MTCIA Members Report from the Drug Policy Alliance Conference
A Montana delegation of 13 MTCIA members attended the Drug Policy Alliance conference in Los Angeles last week. Below are some standout impressions, themes, quotes, and ideas that our people took away from the event.
- The point isn’t to win the war on drugs, but to end it.
- The movement is multi-generational, multi-racial, and includes “the people who love drugs, hate drugs and everything in between. We are black, white, and everything in between. We are straight, queer and everything in between.” (Ethan Nadelman)
- Law students are the future of the law and important people in the drug policy conversation.
- The best indicator of a positive decriminalization or legalization vote is if someone knows a medical cannabis patient. Patients need to come out.
- The national money people want BOLD & win-able campaigns
- District attorneys and prosecutors like mandatory minimums because it gives them leverage to create informants.
- We are the “Radical Center”
- Unethical players need to be called out.
- Whereas education can generate more general support for an issue, it doesn’t necessarily translate into support for a specific initiative or policy objective.
- Addiction is treated like a criminal character flaw instead of a disease.

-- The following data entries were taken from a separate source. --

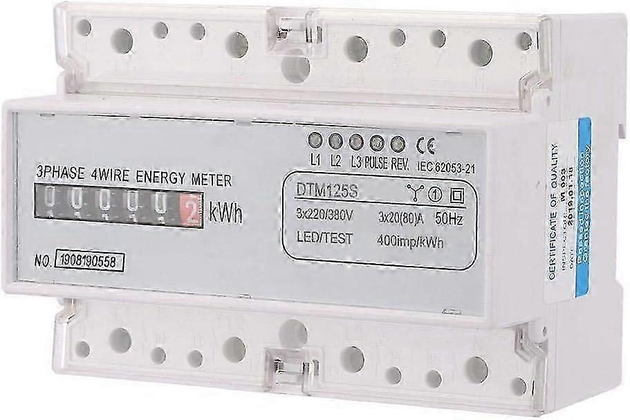 Installation method: standard 35mm DIN rail mounting, conforming to DIN EN50022.10, width (12.5mm module), conforming to DIN43880. Two modes connection: direct connection, you can select two connection modes. Standard S-type configuration wiring, you can select U-type wiring. Model specification: DTM125 S. Voltage specification: 3x220V/380V 50Hz, current specification: 3x20 (80) A (reference current, maximum current). LED indicates: The two-color LED indicates the current status (green) and the energy pulse signal (red). Standard configuration : standard configuration for pulse output passivity (polarity), selection of remote pulse output passivity (non-polarity) and easy contact with various AMR systems according to IEC 62053-31 and DIN 43864 standards. < p>Feature: The DTM125S three-phase electronic power meter is a new generation of smart meters featuring large integrated circuits, advanced digital technology and SMT technology. The technical performance of the product fully complies with the requirements of the active watt-hour power meter of class 1 of the international standard IEC 62053-21. Digital display with standard configuration 5 + 1 (9999999.1KWh). AC rotation direction measurement has functional consumption. It is regardless of load current direction. It corresponds to IEC 62053-21 standard. Specifications: Model: DTM125S Accuracy: Level 1 Voltage specification: 3x220V/380V 50Hz Current specification: 3x20 (80) A (reference current, maximum current ) Insulation power: AC voltage 4KV, 1 minute, pulse voltage 1.2/50us, 6KV Display mode: digital display < p>Installation Mode: Rail Mount (35mm) Package List: 1 * Electricity Meter
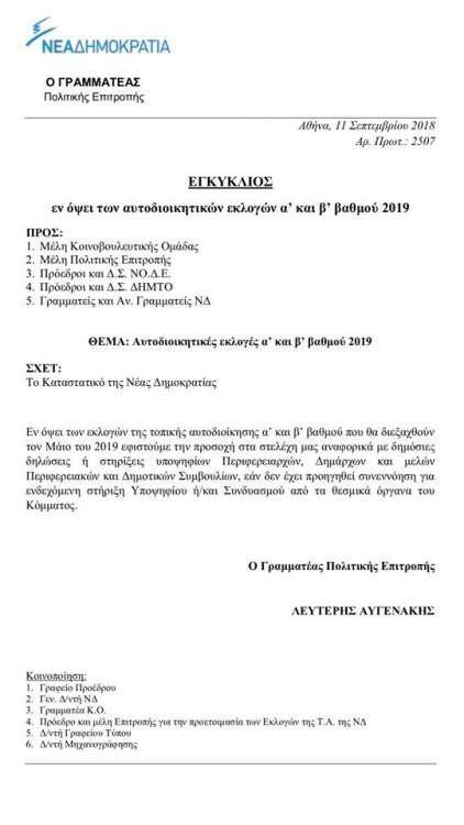 «Εν όψει των εκλογών της τοπικής αυτοδιοίκησης α’ και β’ βαθμού που θα διεξαχθούν τον Μάιο του 2019 εφιστούμε την προσοχή στα στελέχη μας αναφορικά με δημόσιες δηλώσεις ή στηρίξεις υποψηφίων Περιφερειαρχών, Δημάρχων και μελών Περιφερειακών και Δημοτικών Συμβουλίων, εάν δεν έχει προηγηθεί συνεννόηση για ενδεχόμενη στήριξη Υποψηφίου ή/και Συνδυασμού από τα θεσμικά όργανα του Κόμματος».
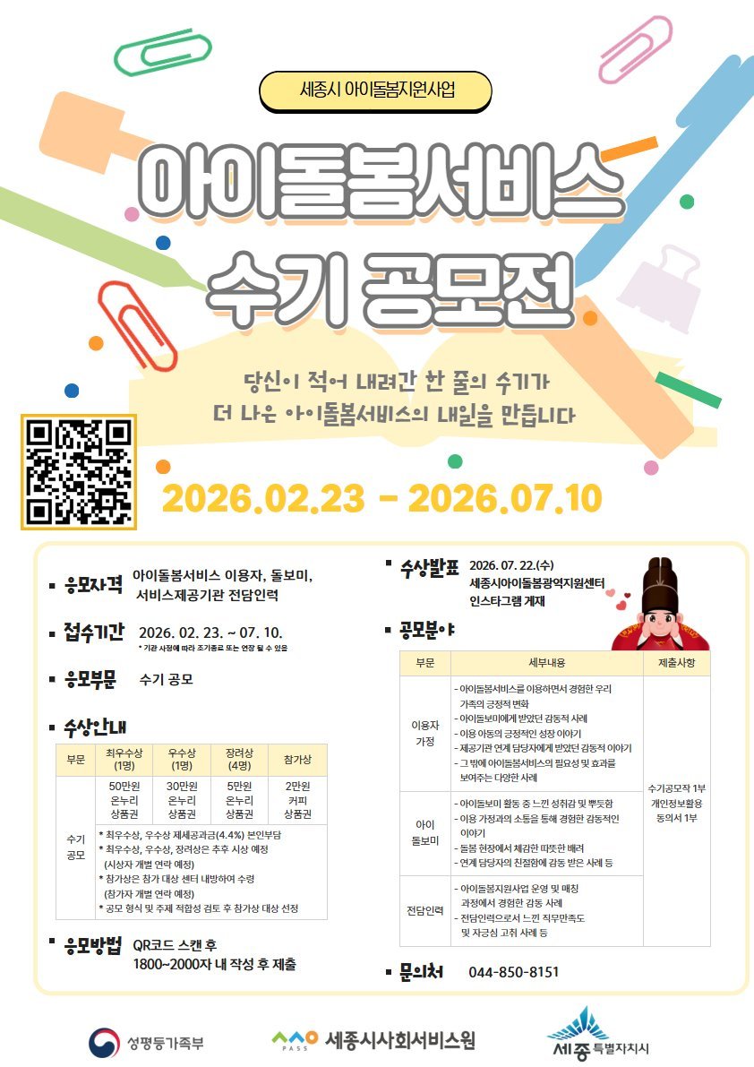 김지현 세종시아이돌봄광역지원센터장은 “이번 수기 공모전이 아이돌봄서비스를 통해 경험한 일상의 변화와 감동을 나누는 계기가 되길 바란다”며 “수기에 담긴 현장의 목소리를 적극 반영해 세종시 아이돌봄 서비스가 더욱 신뢰받는 서비스로 발전할 수 있도록 노력하겠다”고 말했다.

Thus, the health care system discriminates against those with addictions.
- When it comes to medical cannabis, the public needs reassurance on minors, and road and occupational safety issues.
- We need to teach by example, be respectful, and conduct ourselves respectably.
- Most people do not spend much time studying current events in national marijuana policy. Many at the conference (“players”) thought Montana was politically dead on this issue.
- Every battle is a singular battle in a small part of the arc of the war. It did not start with Nixon, it did not start with prohibition, it’s a social justice war that has been fought for centuries.
- The harm reduction movement/angle is important. This is the message that the harm caused by the drug war is greater than the harm caused by drugs. .
- The most valuable thing the old warriors can do is pass the baton to the new, young warriors in this battle.
- The success in producing quality regulations is critical to achieving legalization of adult use of cannabis.
- Access to medical cannabis is rooted in civil disobedience. Anyone using or providing medical cannabis is engaged in an act of civil disobedience.
- “If we don’t compromise on principle, eventually, they will have to address our principles.”
- Dollars generated in medical cannabis sales need to be re-invested into the movement.
- The people who fight the drug war are from all walks of life and came to their decision and opinion for many different reasons. We have many people on our side: cops, doctors, addiction counselors, social workers, gun owners, formerly incarcerated citizens and their families, drug war widows and widowers, and parents who have lost their children. Cannabis patients are just one slice of the pie.
- In regards to work to do and roles to play: “There’s enough for everybody.”